Note that in this RFC I do not completely address this issue. In particular, in an expression like (*p).foo(), where the dereference is explicit and not automatically inserted, the sense of the dereference is not inferred. For the time being, the sense can be manually specified by making the receiver type fully explicit: (&mut *p).foo() vs (&*p).foo(). I expect in a follow-up RFC to possibly address this problem, as well as the question of how to handle copies and moves of the referent (use #3 in my list above).

Lack of backtracking

Addressed by: New method resolution algorithm.

Issue #XYZ. When multiple traits define methods with the same name, it is ambiguous which trait is being used:

trait Foo { fn method(&self); }
trait Bar { fn method(&self); }

In general, so long as a given type only implements Foo or Bar, these ambiguities don’t present a problem (and ultimately Universal Function Call Syntax or UFCS will present an explicit resolution). However, this is not guaranteed. Sometimes we see “blanket” impls like the following:

impl<A:Base> Foo for A { }

This impl basically says “any type T that implements Base automatically implements Foo”. Now, we expect an ambiguity error if we have a type T that implements both Base and Bar. But in fact, we’ll get an ambiguity error even if a type only implements Bar. The reason for this is that the current method resolution doesn’t “recurse” and check additional dependencies when deciding if an impl is applicable. So it will decide, in this case, that the type T could implement Foo and then record for later that T must implement Base. This will lead to weird errors.

Overly conservative coherence

Addressed by: Expanded coherence rules.

The job of coherence is to ensure that, for any given set of type parameters, a given trait is implemented at most once (it may of course not be implemented at all). Currently, however, coherence is more conservative that it needs to be. This is partly because it doesn’t take into account the very property that it itself is enforcing.

The problems arise due to the “blanket impls” I discussed in the previous section. Consider the following two traits and a blanket impl:

trait Base { }
trait Derived { }
impl<A:Base> Derived for A { }

Here we have two traits Base and Derived, and a blanket impl which implements the Derived trait for any type A that also implements Base.

This implies that if you implement Base for a type S, then S automatically implements Derived:

struct S;
impl Base for S { } // Implement Base => Implements Derived

On a related note, it’d be an error to implement both Base and Derived for the same type T:

// Illegal
struct T;
impl Base for T { }
impl Derived for T { }

This is illegal because now there are two implements of Derived for T. There is the direct one, but also an indirect one. We do not assign either higher precedence, we just report it as an error.

So far, all is in agreement with the current rules. However, problems arise if we imagine a type U that only implements Derived:

struct U;
impl Derived for U { } // Should be OK, currently not.

In this scenario, there is only one implementation of Derived. But the current coherence rules still report it as an error.
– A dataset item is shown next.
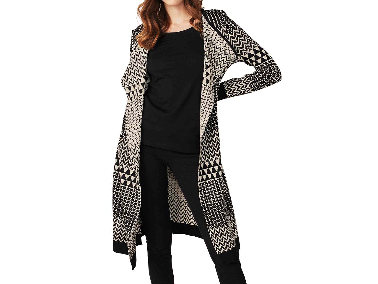 Modisch gegen klirrende Kälte: Dieser wunderschöne Strickmantel wärmt Damen und sieht dazu noch fantastisch aus! Das raffinierte Muster wirkt ausgesprochen modern und zieht alle Blicke auf sich. Durch die Herstellung aus GOTS-zertifizierter Bio-Baumwolle fühlt sich die Jacke angenehm weich auf der Haut an. Da die Strickjacke weder Knöpfe noch einen Reißverschluss hat, kann man sich darin so richtig schön einkuscheln. Die Midi-Länge sorgt für ein Plus an Wärme. Ein Must-have für kühle Tage Zuhause oder im Büro!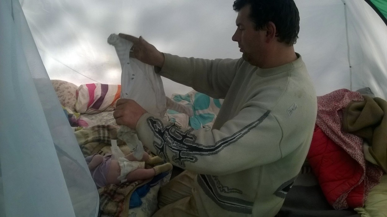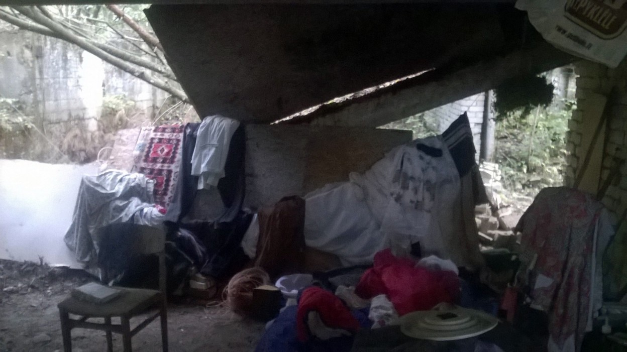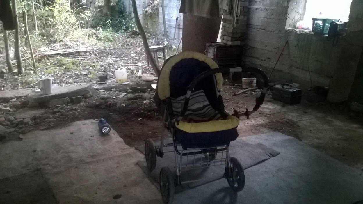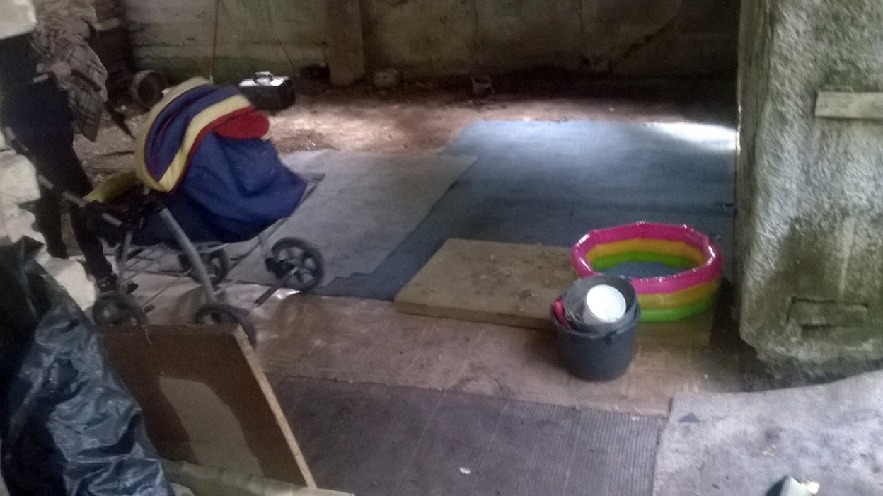 Atskirose apgriuvusio pastato erdvėse “įrengta” virtuvė ir miegamasis, netoliese pastatyta palapinė. Čia pat, beveik lauke, trijų mėnesių kūdikis buvo ir perrenginėjamas. Nors greta sumūrytas pečius, tačiau jo šiluma beveik atviros vietos sušildyti tiek, kad būtų galima gyventi, negali.

Here is a concrete example where a rule like this would be useful. We currently have the Copy trait (aka Pod), which states that a type can be memcopied. We also have the Clone trait, which is a more heavyweight version for types where copying requires allocation. It’d be nice if all types that could be copied could also be cloned – it’d also be nice if we knew for sure that copying a value had the same semantics as cloning it, in that case. We can guarantee both using a blanket impl like the following:

impl<T:Copy> Clone for T {
    fn clone(&self) -> T {

Unfortunately, writing such an impl today would imply that no other types could implement Clone. Obviously a non-starter.

There is one not especially interesting ramification of this. Permitting this rule means that adding impls to a type could cause coherence errors. For example, if I had a type which implements Copy, and I add an explicit implementation of Clone, I’d get an error due to the blanket impl. This could be seen as undesirable (perhaps we’d like to preserve that property that one can always add impls without causing errors).
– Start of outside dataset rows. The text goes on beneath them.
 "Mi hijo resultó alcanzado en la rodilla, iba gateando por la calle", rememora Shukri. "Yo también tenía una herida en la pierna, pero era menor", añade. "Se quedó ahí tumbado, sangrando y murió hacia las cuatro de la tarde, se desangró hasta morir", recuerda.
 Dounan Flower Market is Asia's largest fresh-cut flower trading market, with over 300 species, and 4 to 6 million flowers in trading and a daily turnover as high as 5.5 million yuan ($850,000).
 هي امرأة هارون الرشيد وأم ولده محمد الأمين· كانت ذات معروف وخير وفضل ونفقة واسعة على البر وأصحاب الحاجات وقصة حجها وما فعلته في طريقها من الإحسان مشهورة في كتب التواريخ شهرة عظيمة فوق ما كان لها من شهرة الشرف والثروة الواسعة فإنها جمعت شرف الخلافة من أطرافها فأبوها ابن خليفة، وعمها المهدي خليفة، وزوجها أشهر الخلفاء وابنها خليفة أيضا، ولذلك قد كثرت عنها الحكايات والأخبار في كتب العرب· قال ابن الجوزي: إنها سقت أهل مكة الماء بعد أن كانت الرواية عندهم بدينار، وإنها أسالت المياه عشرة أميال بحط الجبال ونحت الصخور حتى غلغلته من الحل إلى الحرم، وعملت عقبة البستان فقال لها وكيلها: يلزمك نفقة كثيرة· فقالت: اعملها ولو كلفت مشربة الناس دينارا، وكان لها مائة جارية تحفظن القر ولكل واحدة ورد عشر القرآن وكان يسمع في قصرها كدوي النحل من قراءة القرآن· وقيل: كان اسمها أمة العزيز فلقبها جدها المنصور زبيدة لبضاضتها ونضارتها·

But of course we already don’t have the property that one can always add impls, since method calls could become ambiguous. And if we were to add “negative bounds”, which might be nice, we’d lose that property. And the popularity and usefulness of blanket impls cannot be denied. Therefore, I think this property (“always being able to add impls”) is not especially useful or important.

Hokey implementation

Addressed by: Gradual vtable resolution algorithm

In an effort to improve inference, the current implementation has a rather ad-hoc two-pass scheme. When performing a method call, it will immediately attempt “early” trait resolution and – if that fails – defer checking until later. This helps with some particular scenarios, such as a trait like:

trait Map<E> {
    fn map(&self, op: |&E| -> E) -> Self;

Given some higher-order function like:

fn some_mapping<E,V:Map<E>>(v: &V, op: |&E| -> E) { ... }

If we were then to see a call like:

some_mapping(vec, |elem| ...)

the early resolution would be helpful in connecting the type of elem with the type of vec. The reason to use two phases is that often we don’t need to resolve each trait bound to a specific impl, and if we wait till the end then we will have more type information available.

In my proposed solution, we eliminate the phase distinction. Instead, we simply track pending constraints. We are free to attempt to resolve pending constraints whenever desired. In particular, whenever we find we need more type information to proceed with some type-overloaded operation, rather than reporting an error we can try and resolve pending constraints. If that helps give more information, we can carry on. Once we reach the end of the function, we must then resolve all pending constraints that have not yet been resolved for some other reason.

Note that there is some interaction with the distinction between input and output type parameters discussed in the previous example. Specifically, we must never infer the value of the Self type parameter based on the impls in scope. This is because it would cause crate concatenation to potentially lead to compilation errors in the form of inference failure.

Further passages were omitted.